Task statement » Only the lines below from the one that contains "And finally, I" through the one that contains "Uysal, genç sporcu" should appear in your answer, exact and without pictures.

Records from a data collection
▬▬▬

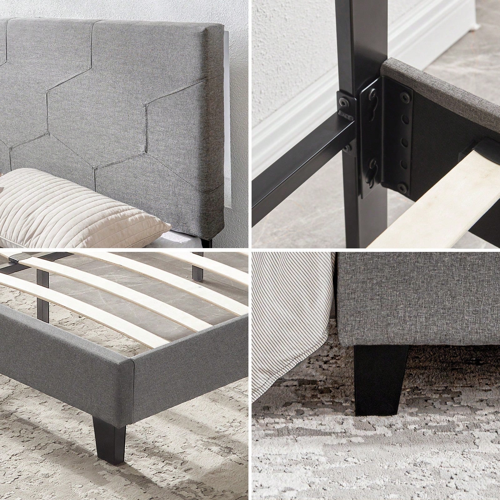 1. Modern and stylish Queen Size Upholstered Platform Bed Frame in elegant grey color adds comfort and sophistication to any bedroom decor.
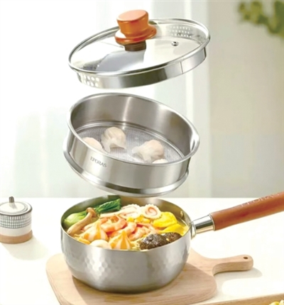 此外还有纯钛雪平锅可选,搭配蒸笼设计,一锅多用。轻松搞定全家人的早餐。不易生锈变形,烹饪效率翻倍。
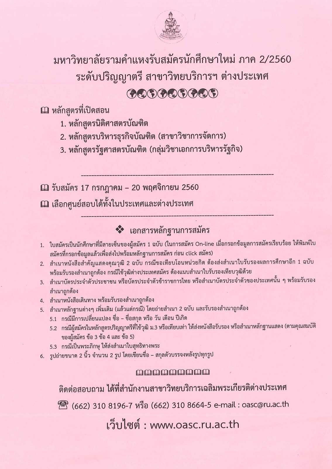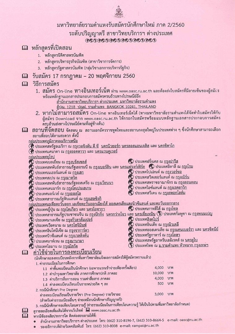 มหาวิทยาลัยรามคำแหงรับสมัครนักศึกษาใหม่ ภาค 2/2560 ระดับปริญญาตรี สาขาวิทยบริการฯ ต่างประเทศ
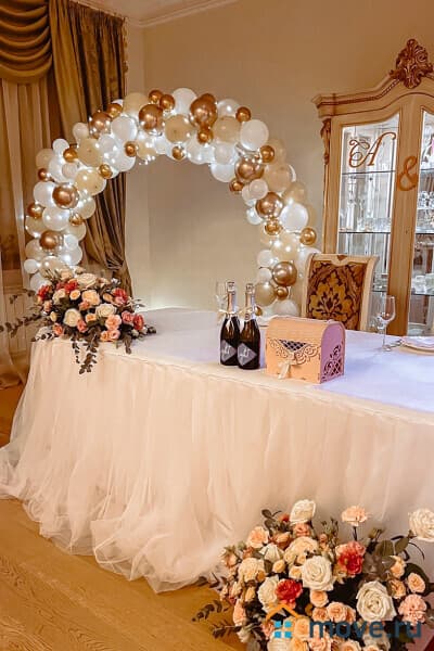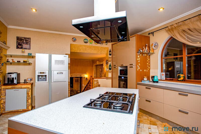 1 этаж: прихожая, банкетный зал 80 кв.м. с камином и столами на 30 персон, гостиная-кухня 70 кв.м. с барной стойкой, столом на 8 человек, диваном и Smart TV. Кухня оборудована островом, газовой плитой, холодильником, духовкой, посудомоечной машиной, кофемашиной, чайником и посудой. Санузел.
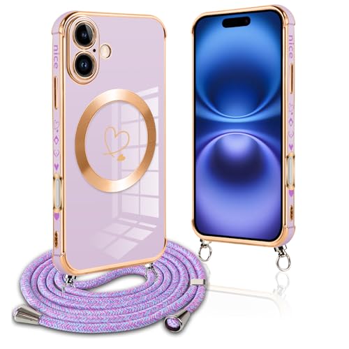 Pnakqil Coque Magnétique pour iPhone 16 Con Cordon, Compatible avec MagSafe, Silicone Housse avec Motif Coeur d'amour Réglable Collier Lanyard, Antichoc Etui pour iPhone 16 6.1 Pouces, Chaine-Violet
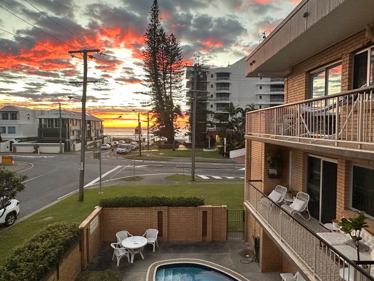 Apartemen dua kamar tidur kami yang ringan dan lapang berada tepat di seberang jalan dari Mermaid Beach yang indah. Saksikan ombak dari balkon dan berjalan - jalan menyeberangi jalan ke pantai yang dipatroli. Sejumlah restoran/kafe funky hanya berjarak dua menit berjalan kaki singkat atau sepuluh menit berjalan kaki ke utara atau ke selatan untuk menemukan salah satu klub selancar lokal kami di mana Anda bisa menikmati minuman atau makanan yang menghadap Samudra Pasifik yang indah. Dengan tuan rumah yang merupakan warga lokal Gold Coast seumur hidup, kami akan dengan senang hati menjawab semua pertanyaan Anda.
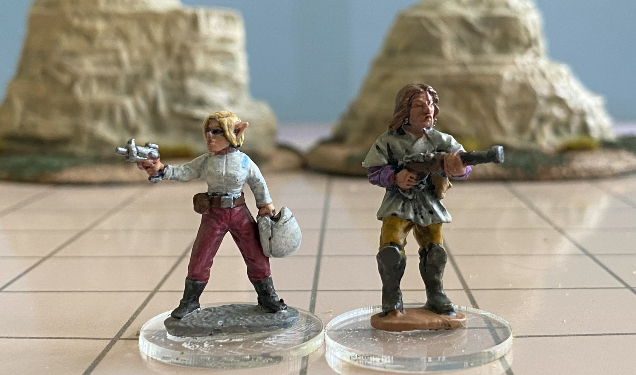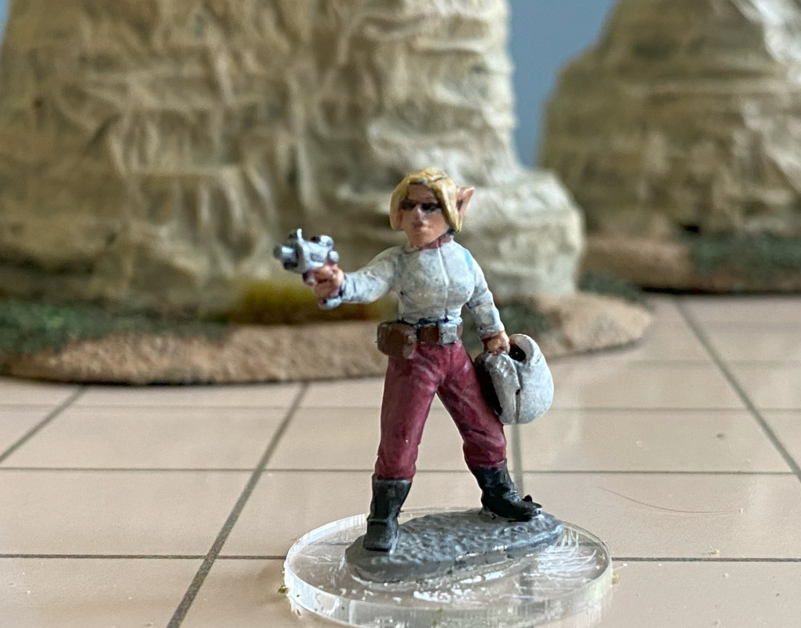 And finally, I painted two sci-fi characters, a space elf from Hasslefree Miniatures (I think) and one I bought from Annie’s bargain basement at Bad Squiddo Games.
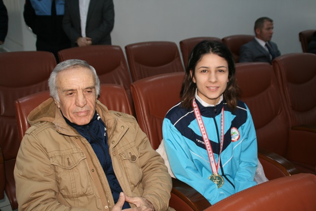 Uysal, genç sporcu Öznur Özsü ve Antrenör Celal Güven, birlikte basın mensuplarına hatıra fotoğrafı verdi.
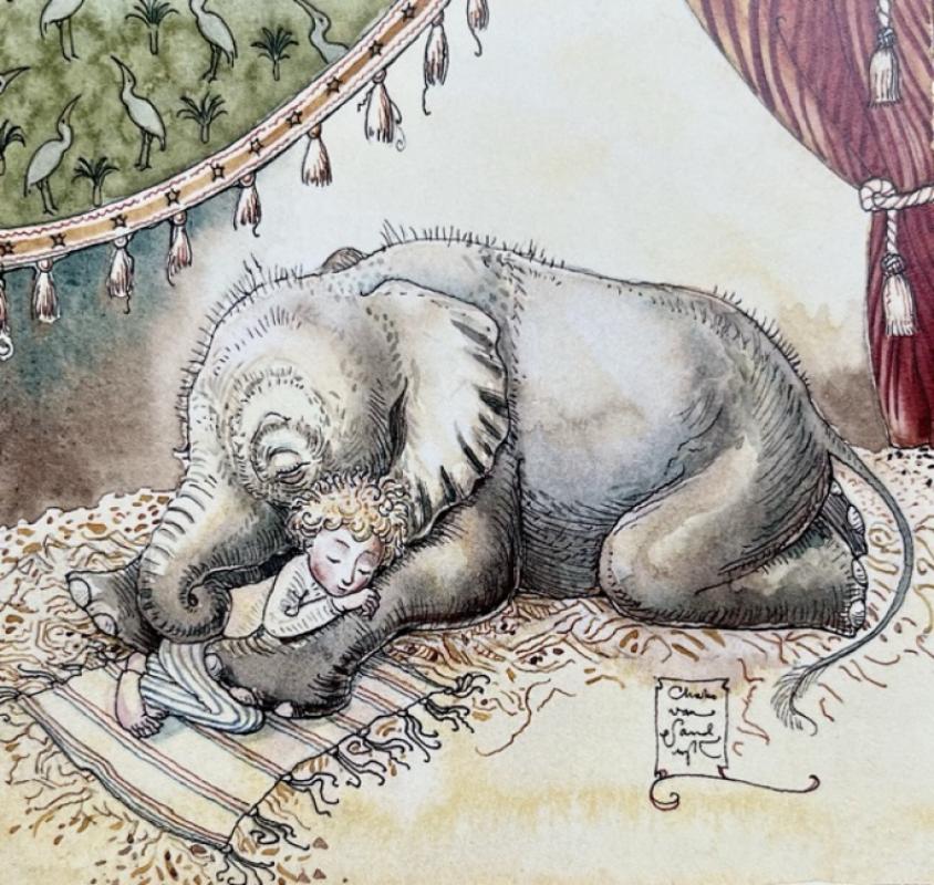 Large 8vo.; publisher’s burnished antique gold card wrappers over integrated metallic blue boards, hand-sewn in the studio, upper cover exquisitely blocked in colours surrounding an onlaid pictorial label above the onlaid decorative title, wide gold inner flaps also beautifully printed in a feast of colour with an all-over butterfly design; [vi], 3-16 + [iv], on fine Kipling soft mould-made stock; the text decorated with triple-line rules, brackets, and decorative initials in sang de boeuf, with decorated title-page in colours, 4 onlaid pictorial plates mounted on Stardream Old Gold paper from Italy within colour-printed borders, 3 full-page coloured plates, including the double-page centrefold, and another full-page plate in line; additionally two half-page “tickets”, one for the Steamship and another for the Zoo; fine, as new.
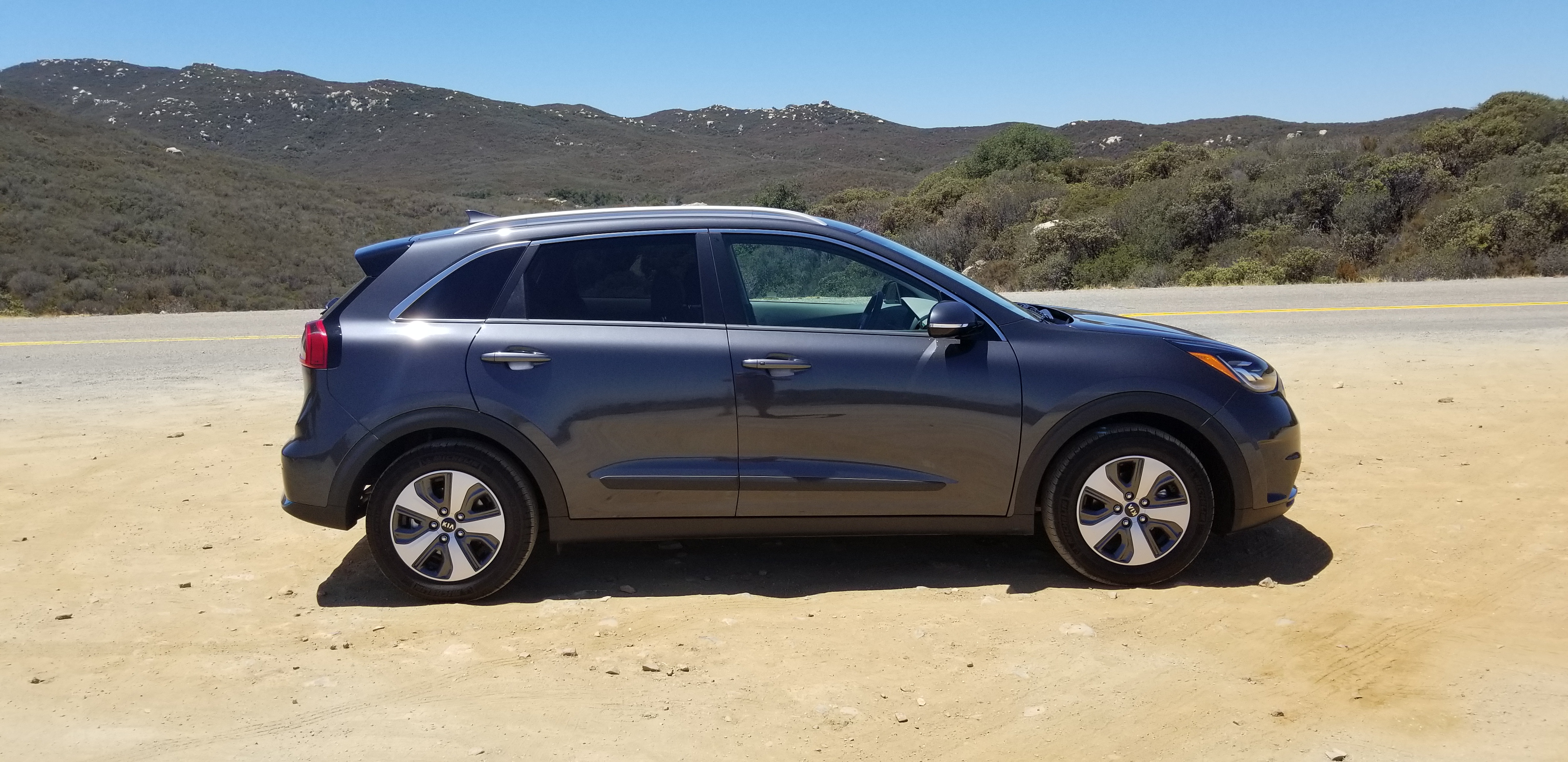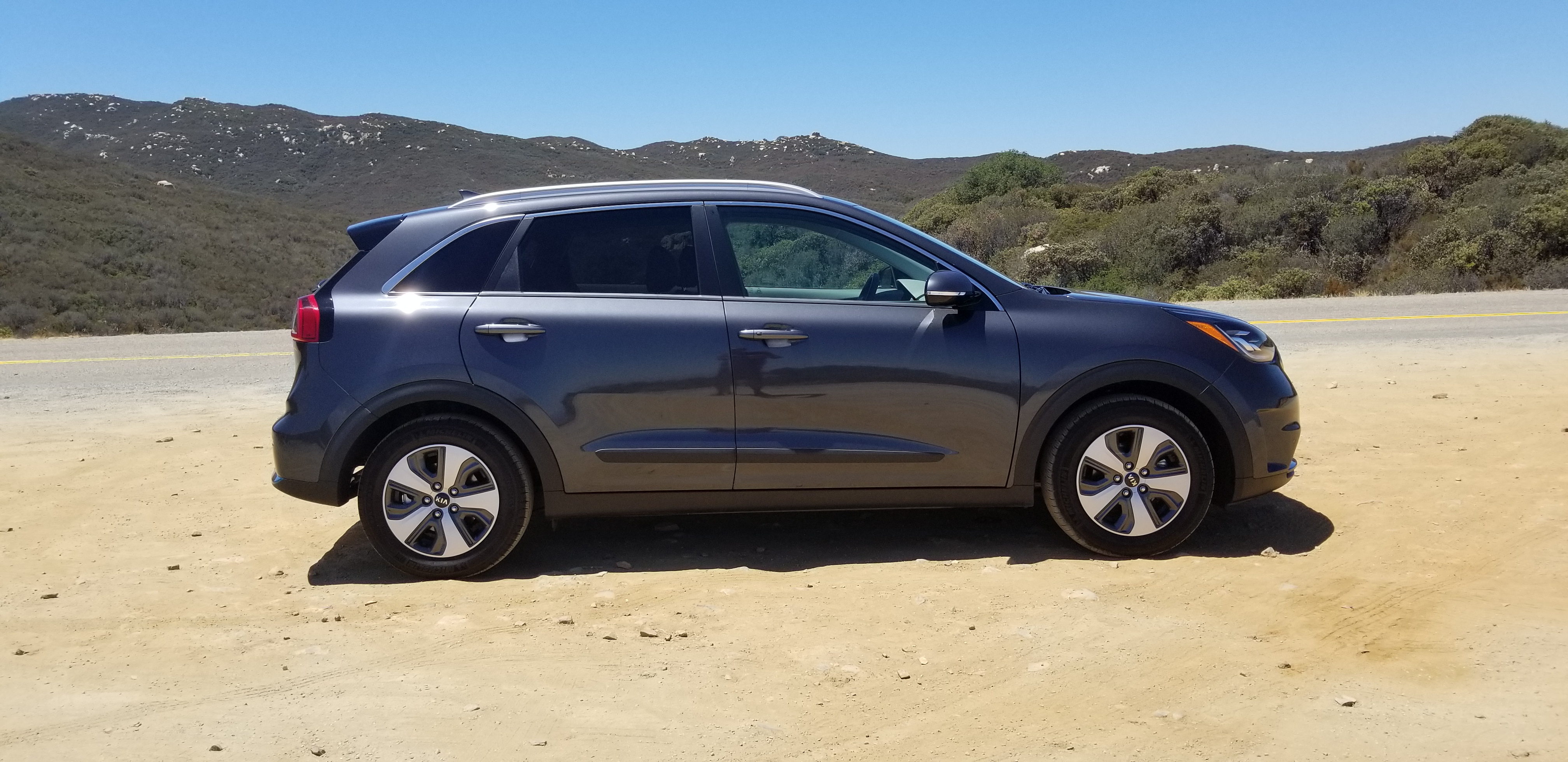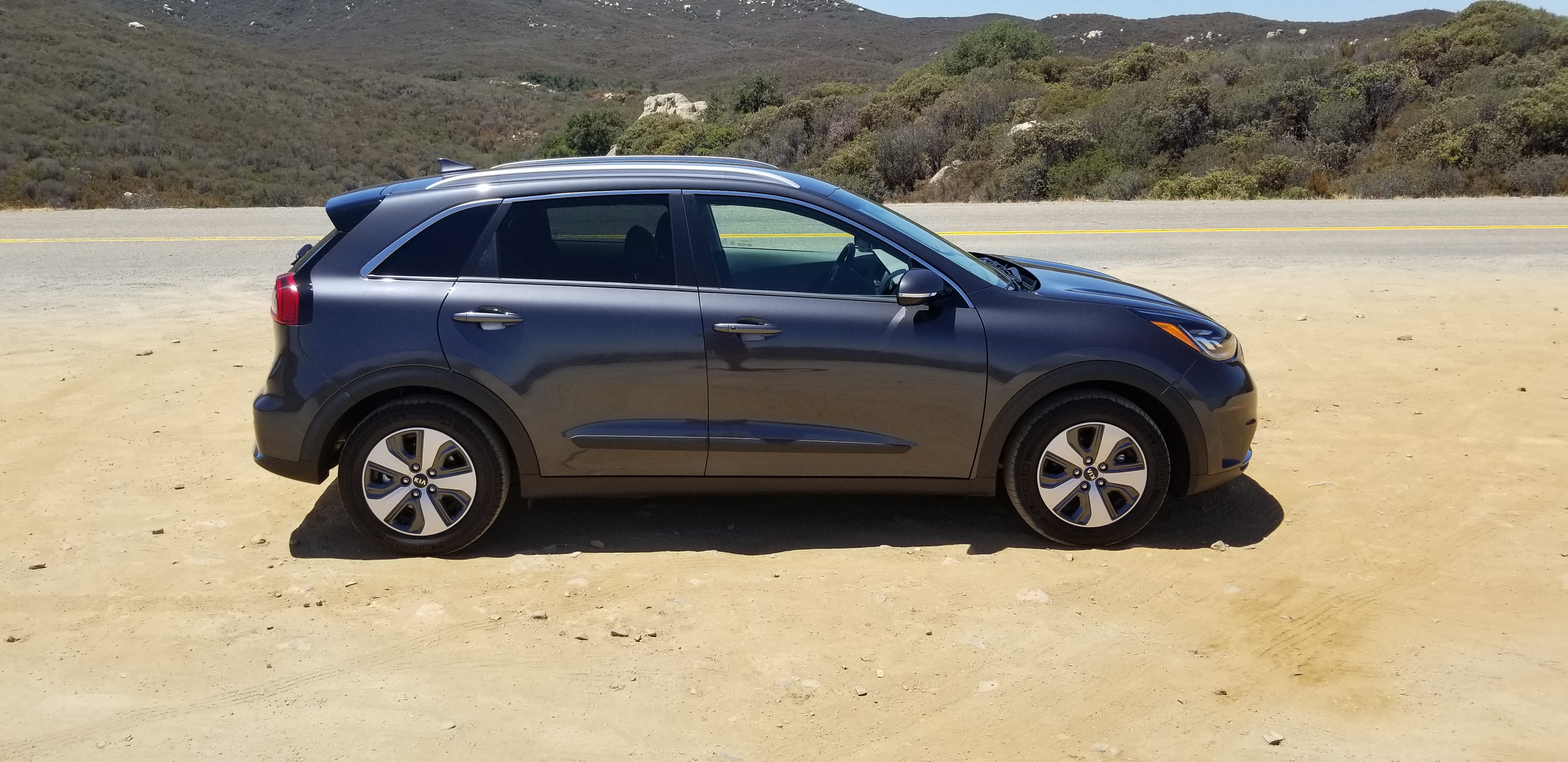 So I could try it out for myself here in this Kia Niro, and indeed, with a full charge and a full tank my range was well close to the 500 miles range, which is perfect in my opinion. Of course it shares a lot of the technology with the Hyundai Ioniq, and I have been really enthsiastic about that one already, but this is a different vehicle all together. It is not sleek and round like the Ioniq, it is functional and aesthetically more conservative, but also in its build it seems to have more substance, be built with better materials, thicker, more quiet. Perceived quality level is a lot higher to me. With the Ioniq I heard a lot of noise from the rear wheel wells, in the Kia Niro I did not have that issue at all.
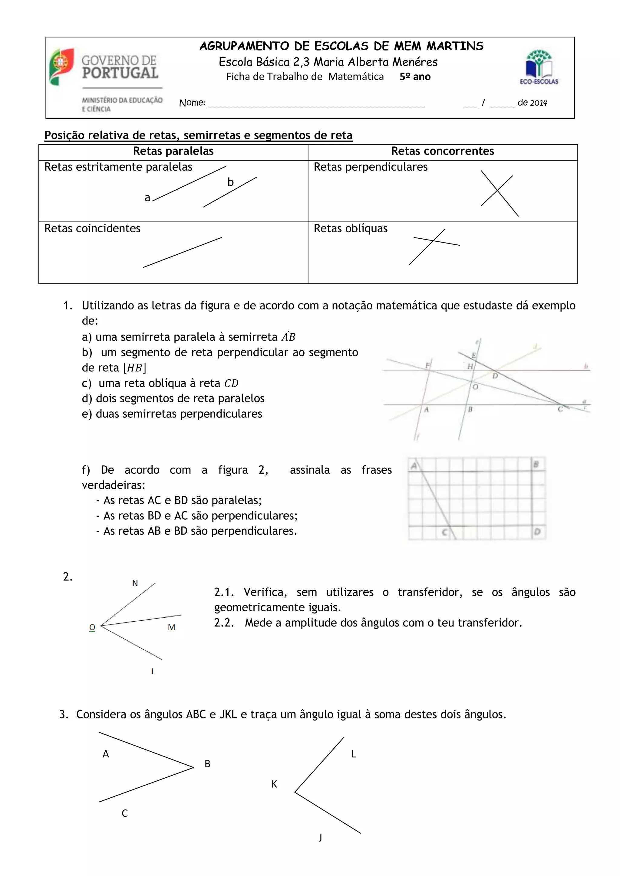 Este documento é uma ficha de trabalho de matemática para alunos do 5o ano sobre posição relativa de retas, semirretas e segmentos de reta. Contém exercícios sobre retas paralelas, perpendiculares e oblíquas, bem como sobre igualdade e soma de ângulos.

▬▬▬

Expected answer »
 And finally, I painted two sci-fi characters, a space elf from Hasslefree Miniatures (I think) and one I bought from Annie’s bargain basement at Bad Squiddo Games.
 Uysal, genç sporcu Öznur Özsü ve Antrenör Celal Güven, birlikte basın mensuplarına hatıra fotoğrafı verdi.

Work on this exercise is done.